Deal, who signed HB 697 at the Greater North Fulton Chamber of Commerce’s monthly Eggs and Enterprises breakfast, said the bill will “make a significant difference” for these students who maintain at least a 3.5 GPA.

The program will have a positive effect on job growth in the state, according to Deal, and will affect about 16,000 students of the 151,000 enrolled in the state’s 24 technical colleges.

“We know this is putting money where jobs already exist,” he said. “And they’re the kind of jobs that we know are going to be available into the future.”

Job growth, Deal said, is the “backbone of a sound and solid economy” and has been his primary focus as governor.

Deal said the unemployment rate in Georgia is now 7 percent, the lowest it’s been in five years.
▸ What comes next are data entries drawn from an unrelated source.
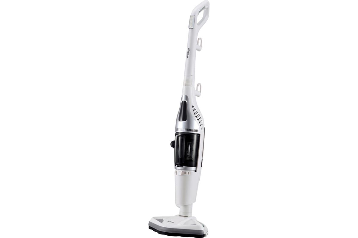Pioneer VC465S – многофункциональное устройство, сочетающее вертикальный пылесос и паровую швабру в одном корпусе. Эта модель может работать как в режиме пароочистки пола, так и как обычный вакуумный пылесос – или выполнять оба действия одновременно. Мощность нагрева у швабры 1300 Вт (давление пара до ~3 бар), а мощность всасывания пылесоса – 550 Вт, с циклонным контейнером объемом 1,2 л для мусора. Парогенератор оснащен резервуаром 420 мл, которого хватает примерно на 20–25 минут пара. В комплект входят 3 насадки: для пола (с креплением салфетки), щелевая насадка и маленькая щетка для ручного режима. Длина шнура увеличена до 6 м – этого достаточно для комфортной уборки комнаты. Pioneer VC465S особенно удобен для быстрого наведения порядка: за один проход он собирает пыль и одновременно отмывает поверхность паром.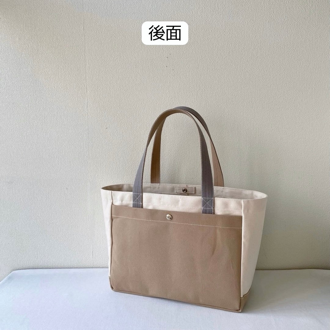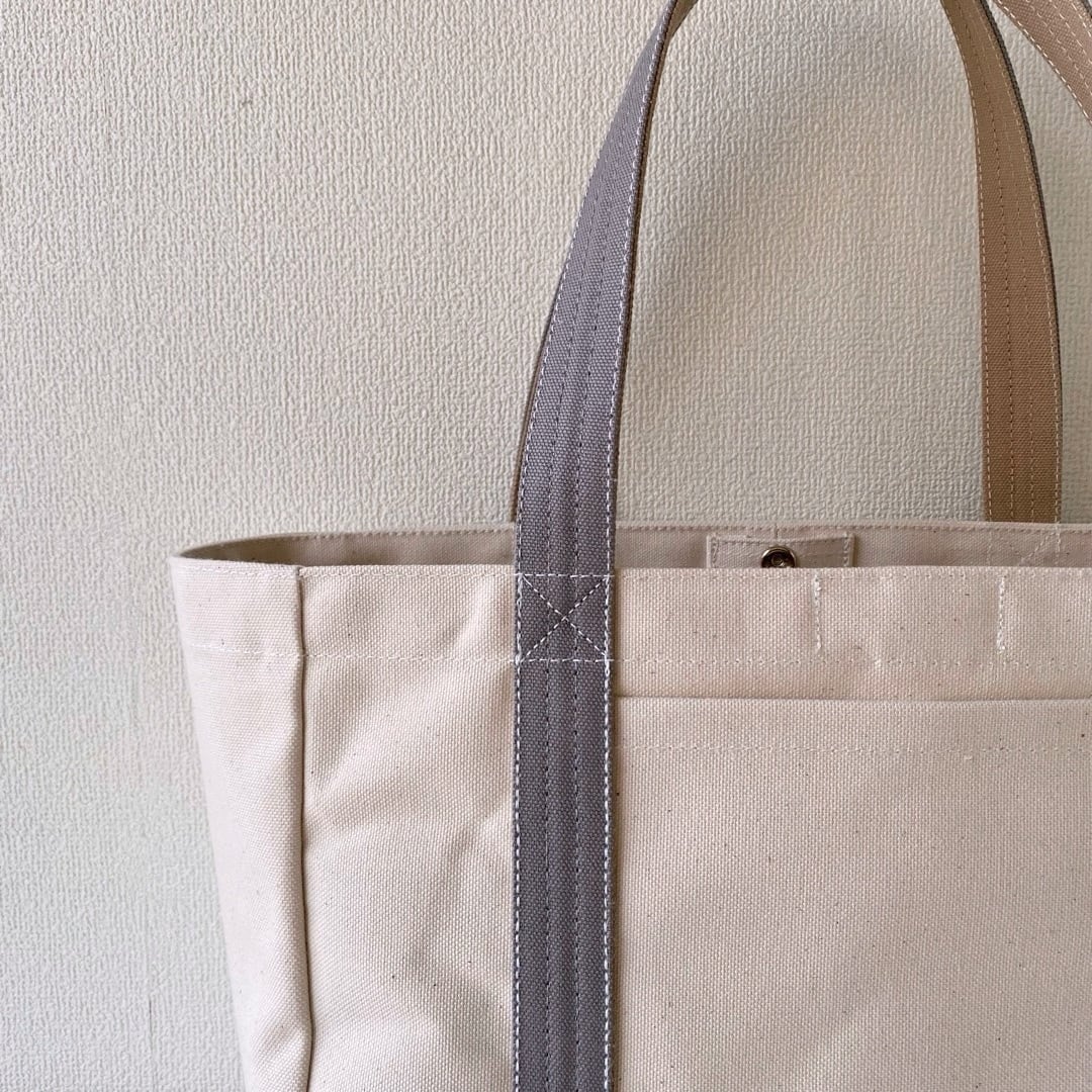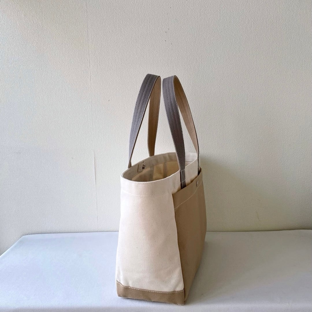 ■「軽いボックストート」通勤サイズ「生成り✕カフェオレ✕グレー」です。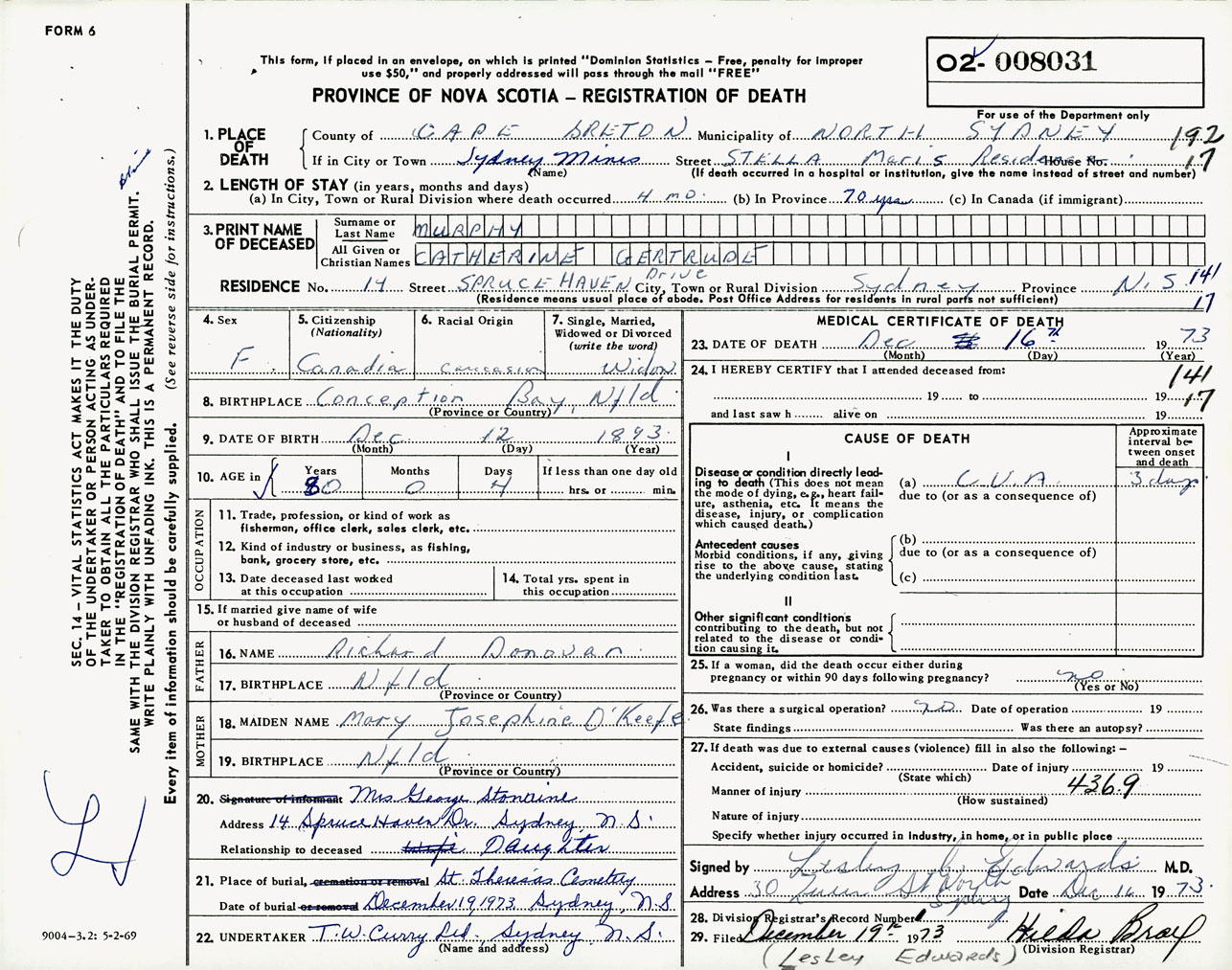 Female Death Registration: Year: 1973 number: 8031

In the past three and a half years, 243,000 private sector jobs have been created in the state.

“The reason a job is so important is that a good job allows an individual to support him or herself, it allows them to support their family, it allows them to be generous in their community and they have less reason to ask government to do things for them,” Deal said of his philosophy on job creation.

Deal said this philosophy is part of the reason Georgia has been named the No. 1 state in the nation to do business in and the No. 1 state for women-owned businesses.

Deal went on to discuss the role of criminal justice reform in job creation, mentioning the appointment of former Forsyth County School Superintendent L.C. “Buster” Evans to the Department of Corrections’ assistant commissioner of education, effective July 1.

Deal said nearly 70 percent of the prison population doesn’t have a high school diploma, so Evans will lead education and training initiatives within the department.

“When [those incarcerated] get out, they will have a marketable skill to make them employable,” Deal said. “I believe the business community is going to respond.”